Published: May 19 2010 21:16 | Last updated: May 19 2010 23:24
The Gulf of Mexico oil spill is bad – the original explosion cost lives and the aftermath threatens livelihoods – but watch the BP share price rather than the progress of the slick and you would assume that it was far worse than it is.
As Bank of America Merrill Lynch pointed out on Wednesday, the 20 per cent drop in the UK oil company’s market capitalisation since news of the Gulf of Mexico oil spill broke last month implies a gross cost of the disaster, adjusted for market and foreign exchange movements, of $28bn.
So far BP has spent $625m on its response – including $170m in grants to the affected states – and has wisely said it won’t insist on the $75m liability cap on other damages from potential oil spills.
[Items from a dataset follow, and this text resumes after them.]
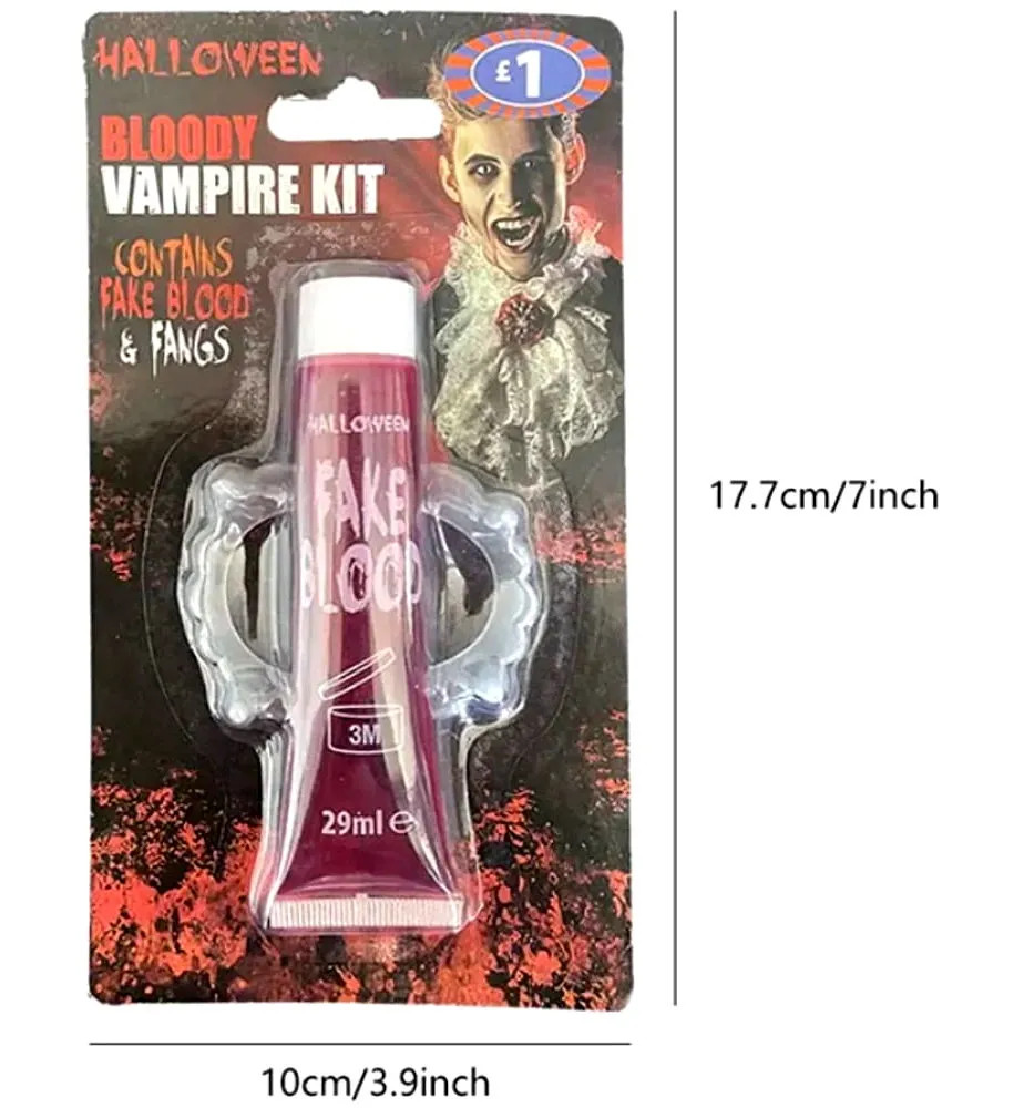 A szett tartalmaz egy pár élethű vámpírfogat, amelyek könnyen felhelyezhetők és kényelmesen viselhetők, valamint egy tubus művért, amellyel még drámaibbá és látványosabbá teheted a jelmezed. A művér könnyen használható és realisztikus hatást kelt, így tökéletes választás Halloweenre, farsangra vagy bármilyen tematikus rendezvényre.
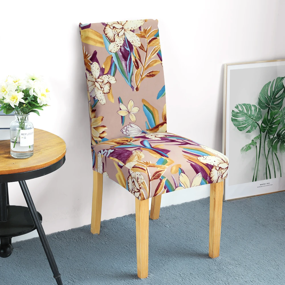 Эластичный чехол на стул, натяжные чехлы на стулья с принтом, съемные моющиеся чехлы из спандекса для обеденного стула для дома, банкета, отеля Вечерние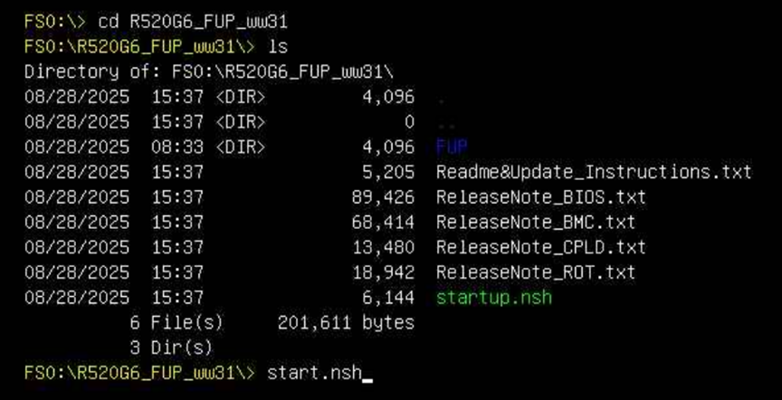 Boot into UEFI: Built-in-Shell, then cd R520G6_FUP_ww31, then issue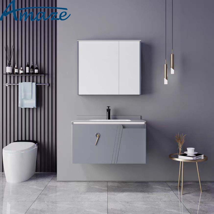 Lemari Kamar Mandi Papan Batu Aluminium Luar Angkasa Tipe Lantai Baskom Cuci Wajah Tipe Kecil Lemari Kombinasi Toilet Baskom Cuci Tangan

Yet even assuming liabilities of $10bn (the new limit proposed by some senators) and a $3.5bn cash cost of the clean-up, the market is overstating the damage to BP.
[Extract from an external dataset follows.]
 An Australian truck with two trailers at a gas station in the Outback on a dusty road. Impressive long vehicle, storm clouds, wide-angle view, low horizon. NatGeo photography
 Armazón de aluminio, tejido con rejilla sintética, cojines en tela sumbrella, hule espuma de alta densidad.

Look at it another way, as Standard & Poor’s equity research has, and the fall in market capitalisation since the incident – down £24bn as of Wednesday – is far greater than the £14bn on-balance-sheet value of BP’s intangible assets and goodwill. A collapse of that magnitude would represent a huge hit to the company’s reputation. Yet, as UBS has pointed out, by moving quickly, and repeating regularly that it will meet all legitimate claims, BP has minimised the accusation it is dragging its feet – a perception that hurt Exxon after the Exxon Valdez spill.